For the Norwester magazines all scanning was performed on library premises by library staff. An entire two-page spread was captured with each scan, and each page was isolated for individual cataloging by cropping after the scanning process was complete. This cut the required scanning time approximately in half. To accommodate the two-page spreads and other large format items, an Epson Expression 1640XL 11" x 17" flatbed scanner was used. Adobe Photoshop 7.0 was used for image manipulation, rotation, cropping, and to create 96 dpi derivative JPEG images for onscreen display. The low-resolution JPEG compression images reduce file size and online loading time. Automation and batch processing features were also utilized in Photoshop whenever possible, to save time and minimize potential for error. For the Norwester yearbooks all scanning was subcontracted to OCLC Online Computer Library Center, and all archival TIFF files were converted to derivative lossless JPEG 2000 images for onscreen display.

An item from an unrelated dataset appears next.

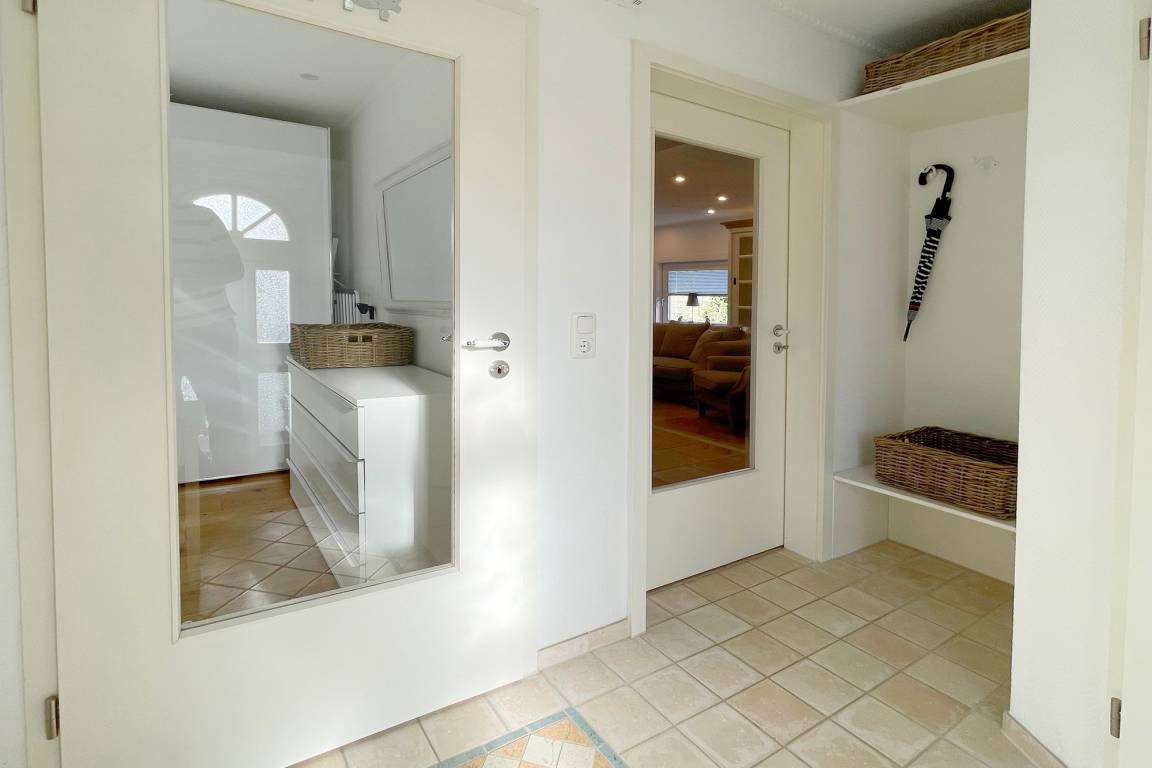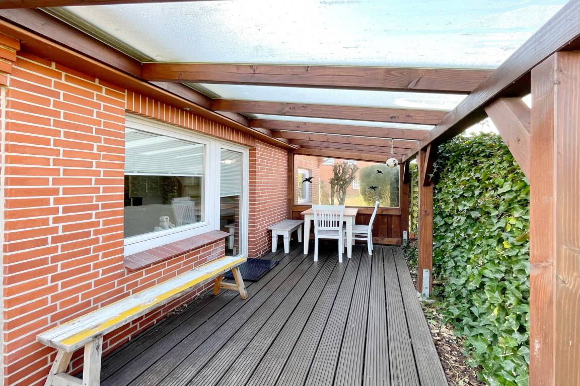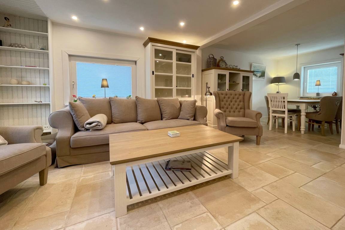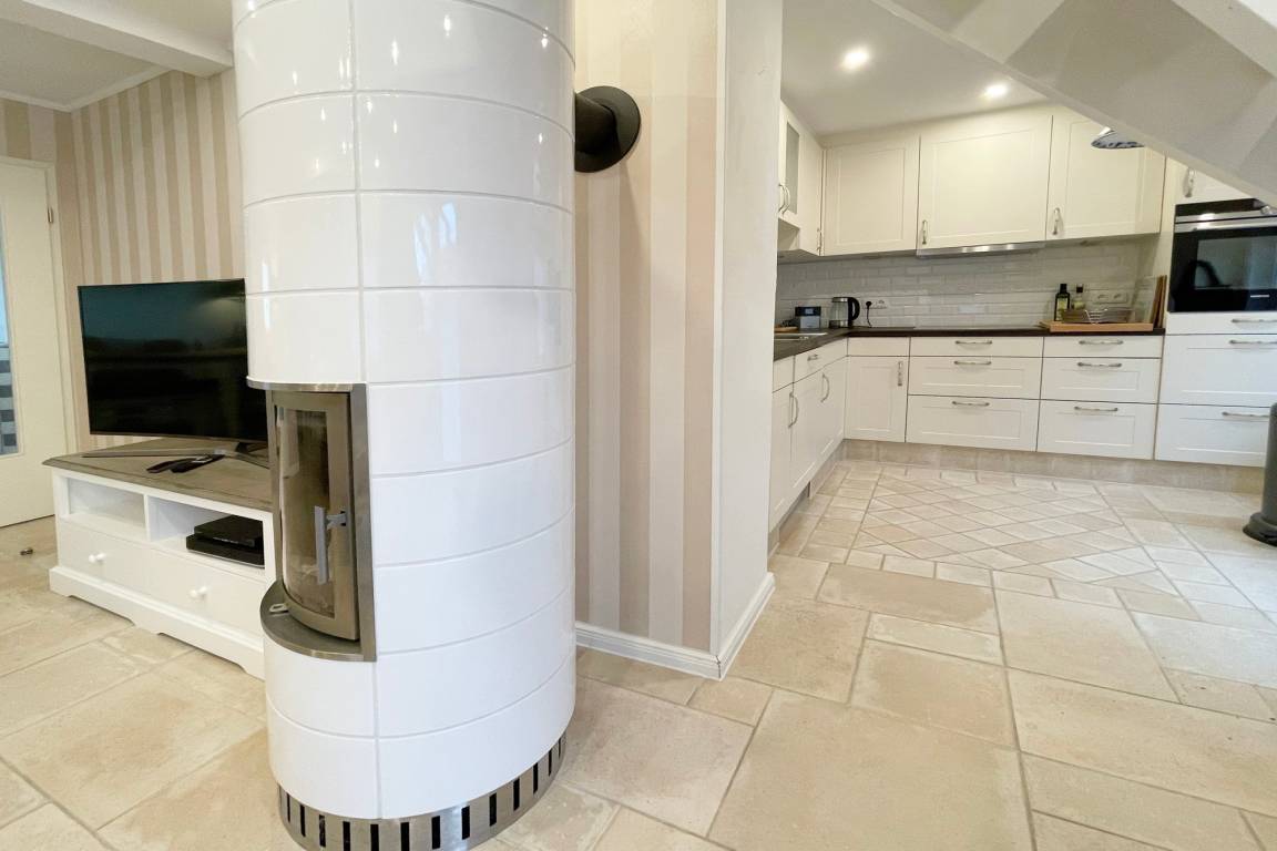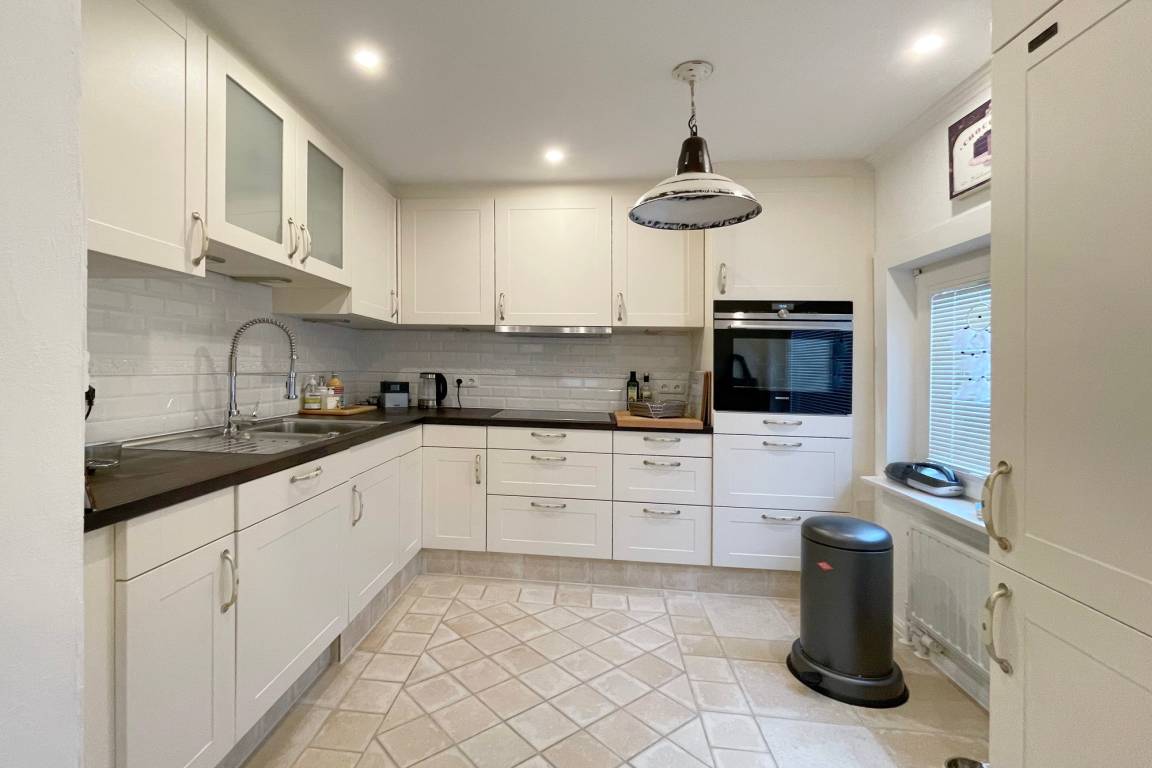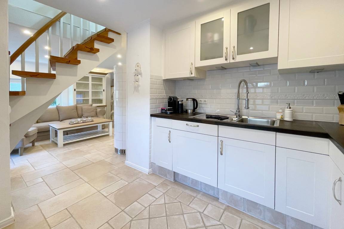 Hier befindet sich auch die offene, vollständig ausgestattete Küche mit Backofen, Geschirrspüler und der Zugang auf die überdachte Terrasse in westlicher Ausrichtung.

Optical Character Recognition & Transcription
After scanning, each Norwester magazine page was processed using optical character recognition (OCR) software, OmniPage Pro 12.0. By performing OCR, headlines, articles, and advertisements were automatically zoned and processed, and a text transcription file was created for each page. A member of the Upper Arlington Public Library staff then proofread the text files for each page. The goal of the proofreading process was to catch any OCR errors and to correct likely search terms where appropriate. Although transcription specifications for many local history digitization projects require transcriptions to match the original text exactly, members of the UA Archives program staff also used brackets to insert corrections. For example, several articles refer to the Grandview neighborhood as "Grand View," which would not be found by a keyword search on "Grandview." As a compromise, the corrected transcription "Grand View [Grandview]" still reflects the article’s original wording, but it also allows the article to be located by users searching for information on the Grandview neighborhood.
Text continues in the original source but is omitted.